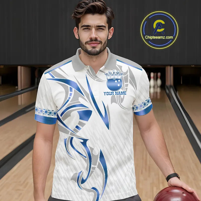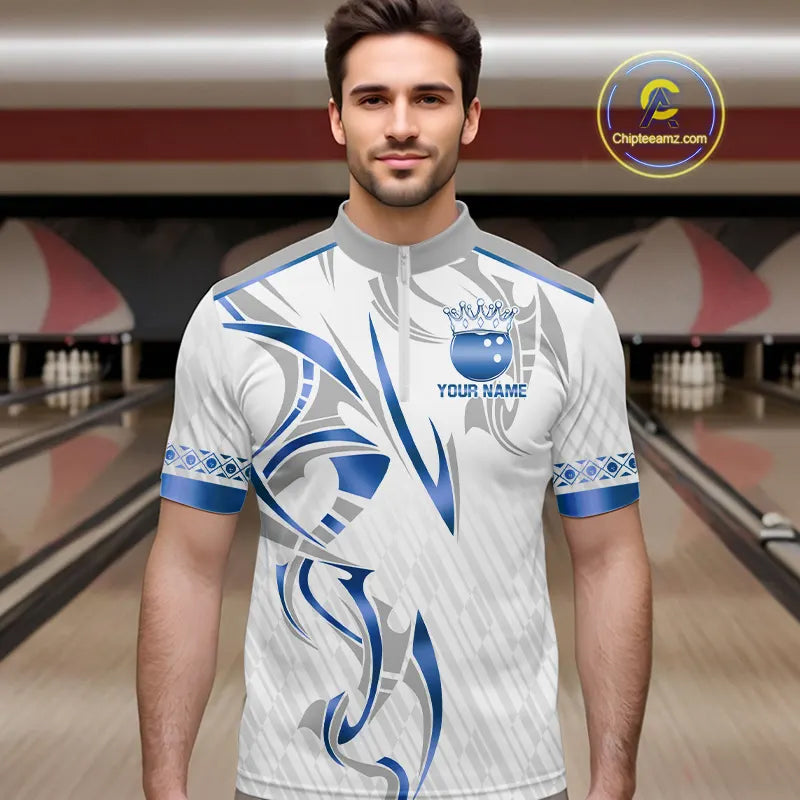 White and Blue crown Bowling ball Polo, Quarter Zip Shirts for Men Custom Bowling Team jerseys NQS11008
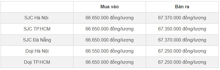 Còn kết phiên hôm nay, giá vàng miếng của Tập đoàn Vàng bạc đá quý Doji tại Hà Nội giảm 50 nghìn đồng/lượng ở chiều mua vào và giảm 100 nghìn đồng/lượng chiều bán ra; giá vàng miếng của Doji tại TP.HCM tăng 50 nghìn đồng/lượng ở cả chiều mua vào và bán ra so với chốt phiên giao dịch hôm qua.
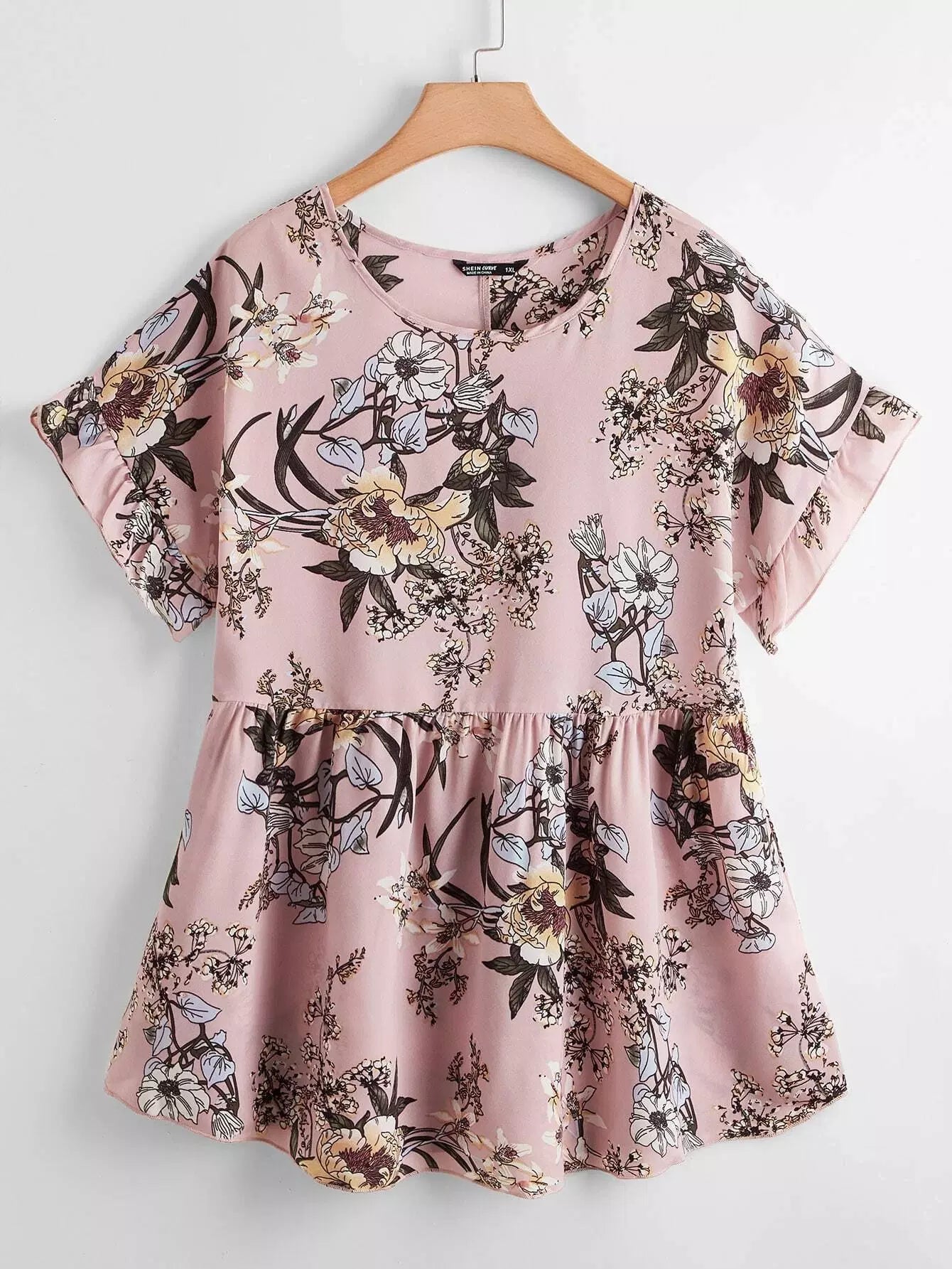 Plus Floral Print Peplum Blouse
═══
WHAT TO DO = Reproduce the listing exactly. Leave its pictures out.

PROBLEM SOLUTION =
 White and Blue crown Bowling ball Polo, Quarter Zip Shirts for Men Custom Bowling Team jerseys NQS11008
 Còn kết phiên hôm nay, giá vàng miếng của Tập đoàn Vàng bạc đá quý Doji tại Hà Nội giảm 50 nghìn đồng/lượng ở chiều mua vào và giảm 100 nghìn đồng/lượng chiều bán ra; giá vàng miếng của Doji tại TP.HCM tăng 50 nghìn đồng/lượng ở cả chiều mua vào và bán ra so với chốt phiên giao dịch hôm qua.
 Plus Floral Print Peplum Blouse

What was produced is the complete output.